#### [What you are asked to do]
Leaving out the images, please reproduce each line below exactly.

#### [Information shown]
•••••
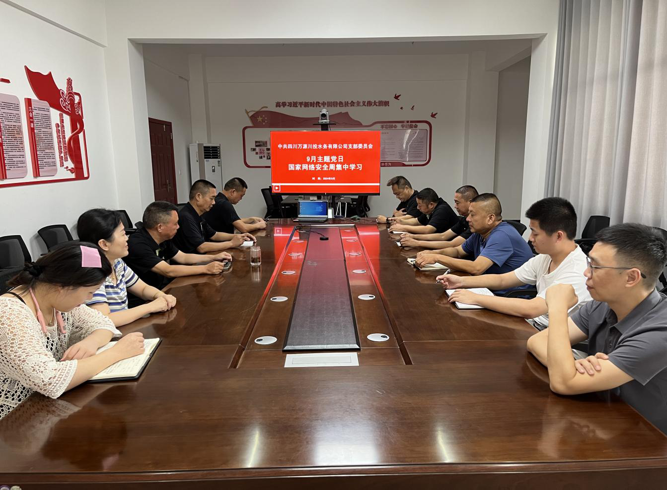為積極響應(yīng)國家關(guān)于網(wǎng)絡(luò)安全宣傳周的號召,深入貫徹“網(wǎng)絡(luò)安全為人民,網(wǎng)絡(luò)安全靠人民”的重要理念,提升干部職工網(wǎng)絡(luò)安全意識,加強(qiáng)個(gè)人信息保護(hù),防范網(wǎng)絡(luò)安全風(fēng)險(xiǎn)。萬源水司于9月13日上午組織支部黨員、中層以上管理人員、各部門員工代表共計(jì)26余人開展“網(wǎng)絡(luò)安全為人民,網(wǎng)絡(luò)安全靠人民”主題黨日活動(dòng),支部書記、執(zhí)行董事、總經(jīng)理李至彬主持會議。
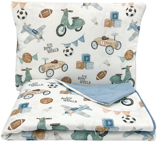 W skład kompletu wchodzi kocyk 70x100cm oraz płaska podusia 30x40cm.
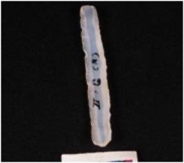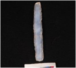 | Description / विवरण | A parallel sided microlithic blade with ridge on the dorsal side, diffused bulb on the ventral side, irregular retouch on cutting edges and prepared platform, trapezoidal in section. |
•••••
#### [Task answer]
為積極響應(yīng)國家關(guān)于網(wǎng)絡(luò)安全宣傳周的號召,深入貫徹“網(wǎng)絡(luò)安全為人民,網(wǎng)絡(luò)安全靠人民”的重要理念,提升干部職工網(wǎng)絡(luò)安全意識,加強(qiáng)個(gè)人信息保護(hù),防范網(wǎng)絡(luò)安全風(fēng)險(xiǎn)。萬源水司于9月13日上午組織支部黨員、中層以上管理人員、各部門員工代表共計(jì)26余人開展“網(wǎng)絡(luò)安全為人民,網(wǎng)絡(luò)安全靠人民”主題黨日活動(dòng),支部書記、執(zhí)行董事、總經(jīng)理李至彬主持會議。
 W skład kompletu wchodzi kocyk 70x100cm oraz płaska podusia 30x40cm.
 | Description / विवरण | A parallel sided microlithic blade with ridge on the dorsal side, diffused bulb on the ventral side, irregular retouch on cutting edges and prepared platform, trapezoidal in section. |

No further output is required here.